Considering that the distribution network sees a large number of users with the most varied applications connected to the same substation, it is not rare that the frequency used in the generation of the current signal is already occupied by very significant disturbances.

This, considering the stringent regulatory constraints that limit the current intensity that can be used for measurement to little more than 1 mA, entails in several cases a real difficulty in determining which component of the voltage signal detected is to be correlated with the injected signal and which is instead the noise component.

It must also be considered that the amount and type of loads that are connected to the network is not to be considered a constant parameter, but varies over time, even significantly, which led the Applicant to study a possible solution that would make the system robust to these variables.

It is therefore the purpose of this invention to provide a method for measuring an earth resistance in a battery charging system that is able to overcome the above-mentioned drawbacks of the known technique.

In particular, the object of the present invention is to provide a method for measuring an earth resistance in a battery charging system that maintains its efficiency regardless of the type and number of loads connected to the network.

Said purposes are achieved with a method for measuring a ground resistance in a battery charging system having the characteristics of one or more of the following claims.

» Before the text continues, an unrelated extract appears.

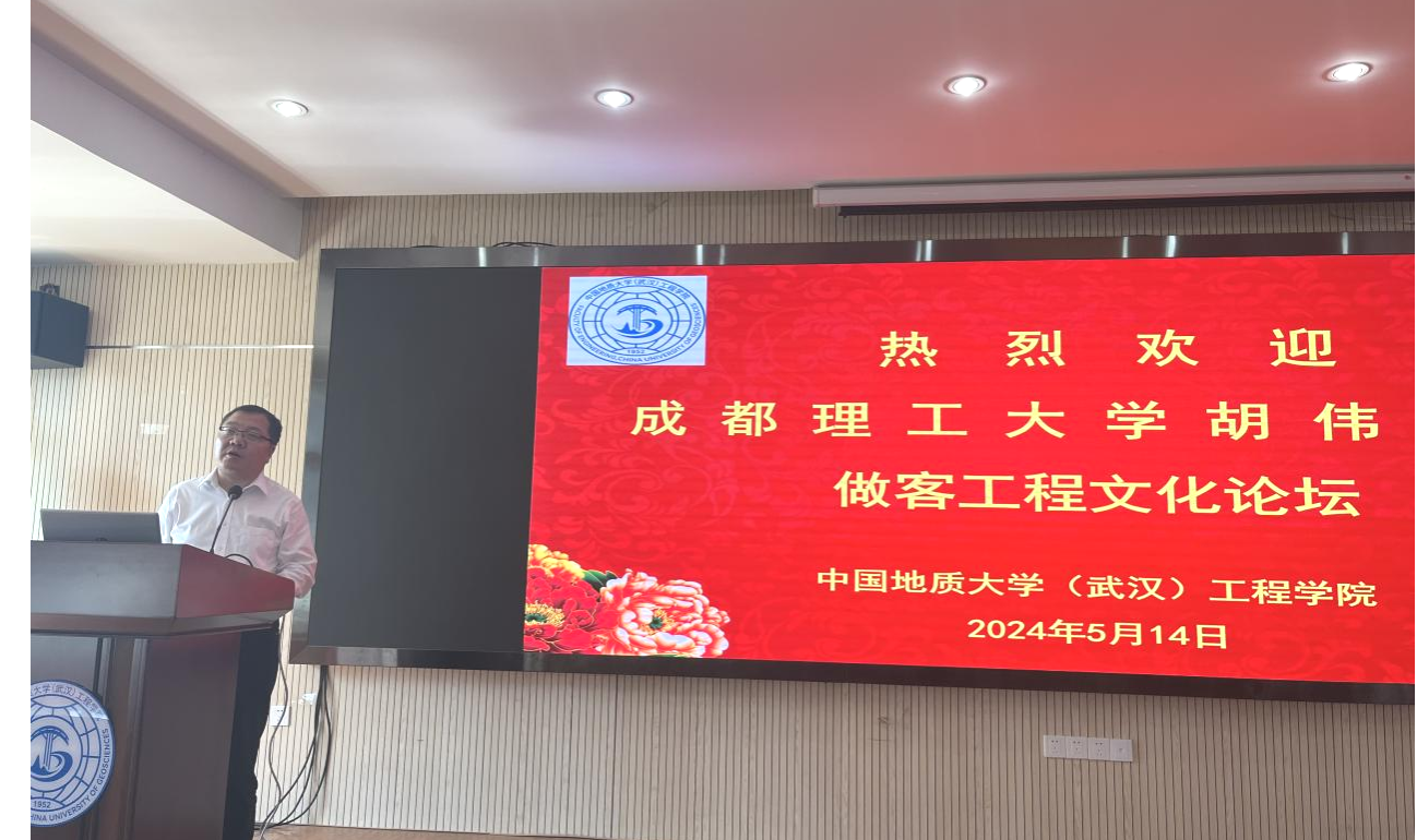(通讯员 刘智琪 黄静)2024年5月14日下午,应bevictor伟德官网唐辉明教授的邀请,成都理工大学胡伟教授来校访问并做客工程文化论坛,bevictor伟德官网副经理王亮清教授主持论坛,100余名师生聆听了讲座。

More particularly, the method comprises, for each measurement cycle, injecting a first alternating current signal between a first neutral node and a second earth node.

This signal has a predetermined duration and a predetermined injection frequency.

The injection frequency is preferably contained in either a first, low- frequency range or a second, high-frequency range.

The method further comprises detecting a first voltage signal representing an electrical potential difference between said first and second nodes, calculating an earth resistance value as a function of said first voltage signal and determining a new injection frequency for a subsequent measurement cycle.

These steps are repeated recursively, at predetermined sampling ranges. According to one aspect of the invention, the step of determining a new injection frequency for a subsequent measurement cycle comprises the steps of detecting a value of a phase-shift angle between said first current signal and said first voltage signal in the current measurement cycle and comparing said phase-shift angle value with at least a first, upper, threshold value and/or at least a second, lower, threshold value.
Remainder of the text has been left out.